Lentamente, Eiro se virou para ela novamente.
— Há algo errado? — Ele questionou, mas a mulher imediatamente balançou a cabeça.
— Nada! Está tudo bem! Mas, onde exatamente você conseguiu essa… erm, mão? — Ela perguntou, e logo notou quão insensível isso soou, embora Eiro apenas tivesse dado de ombros.
— Um viajante veio aqui e fez para mim. — O Diabrete apontou e jogou a mochila sobre o obro, sem querer escutar o que mais eles tinham para perguntar.
— Você talvez saiba onde esse viajante está agora? — A mulher, Jess, perguntou, e Eiro apenas balançou a cabeça e se virou em direção a Lugo, gesticulando para ele segui-lo, mas o homem alto e fisicamente forte à sua frente não parecia exatamente feliz com essa reposta.
— Ei, você não pode pelo menos responder apropriadamente? Nós só queremos ajuda. Você viu o estado do nosso amigo, não viu? Então pare de ser um babaca e nos diga onde podemos encontrar esse ‘Viajante’. Estamos procurando por ele há anos. — O homem apontou e colocou a mão no ombro de Eiro, mas o Diabrete apenas se virou para encará-lo.
— Ei, você não consegue usar os seus olhos adequadamente? Eu acabei de balançar minha cabeça. Não vê que estou com pressa? Então pare de ser um babaca e me deixe em paz. Minhas crianças estão me esperando em casa. — Eiro disse, retribuindo a coisa rude que o homem disse para ele.
— Heh, um fodido como você, tem filhos? Que tipo de vadia triste se casou com você? Aposto que suas crianças prefeririam ficar sozinhas sem você, então você pode aproveitar o seu tempo. — O homem disse com um sorriso amplo, obviamente tentando provocar Eiro.
—K-Krog, o que você está dizendo? Pare com isso! — Jess exclamou, aparentemente brava por Eiro, e o jovem Demônio apenas sorriu com isso e encarou o homem à sua frente, enquanto o gelo ao redor deles lentamente começava a derreter e se mover em sua direção.

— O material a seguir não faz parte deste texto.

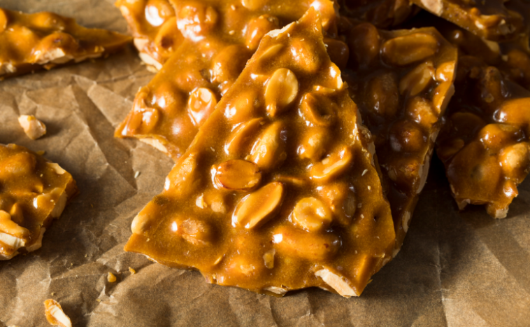 - In a saucepan over medium heat, place the sugar, butter and peanuts;
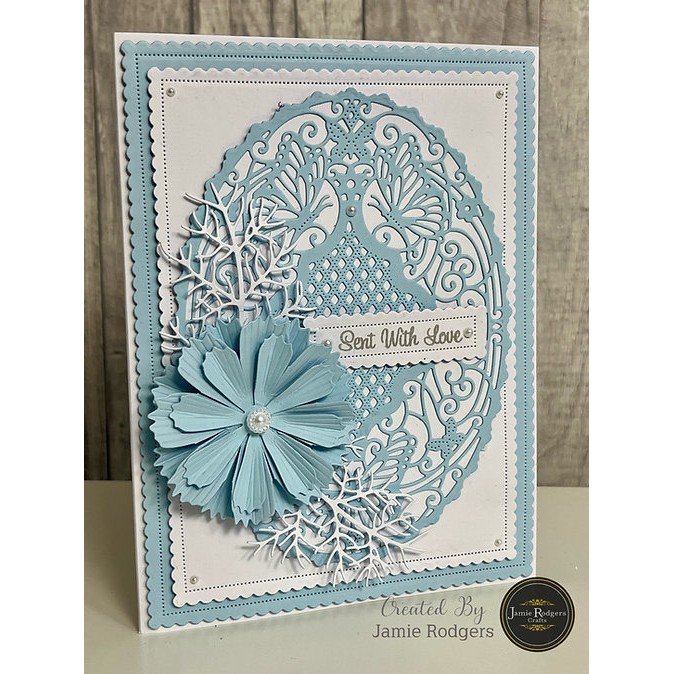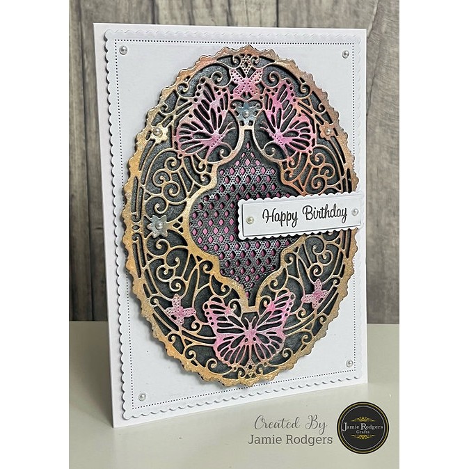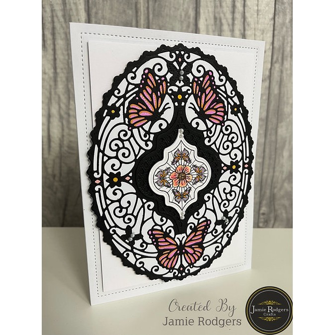 Jamie’s approach as a Designer, is to make his Collections interchangeable and complement each other. The gorgeous butterflies within the oval of this die set, match the butterflies from his

— Isso não é algo legal de se dizer, sabia? — O Diabrete apontou, e o homem apenas começou a rir.
— Hahaha, não é uma coisa legal de se dizer? Lá fora não é um mundo legal, cara, mas eu acho que um vagabundo qualquer nessa cidade, como você, não saberia disso, estando escondido nessa cidadezinha de merda e tudo mais. — O homem disse, pensando que tinha Eiro bem onde queria, enquanto a água da chuva lentamente subia pelo corpo de Eiro, reunindo-se na mão dele em uma bolha grade
— Oh? Você deseja me atacar com Magia de Gelo novamente? Cara, uma merda lenta como essa não fará nada com- — O homem disse, mas Eiro o interrompeu.
— É melhor guardar seu fôlego. — Ele comentou, enquanto a bolha de água lentamente começava a emitir vapor, ao mesmo tempo que ficava cada vez mais aquecida. Sem demora, começou a ferver. — Você vai precisar de qualquer um que tenha sobrado. — O Diabrete disse, e simplesmente empurrou a bolha de água fervente para frente. Ele não queria ferir seriamente o homem, apenas incapacitá-lo. Essa não era a razão para essa água fervente.
Afinal, o homem, Krog, estava certo. Normalmente, Magia de Gelo era bastante lenta se comparado aos outros tipos. Então, Eiro estava fazendo uso de uma lei da natureza para compensar isso.
E, antes que o homem pudesse ser ferido pela água quente, ela começou a congelar quando encostou em sua pele, rapidamente formando uma esfera de gelo ao redor de sua cabeça.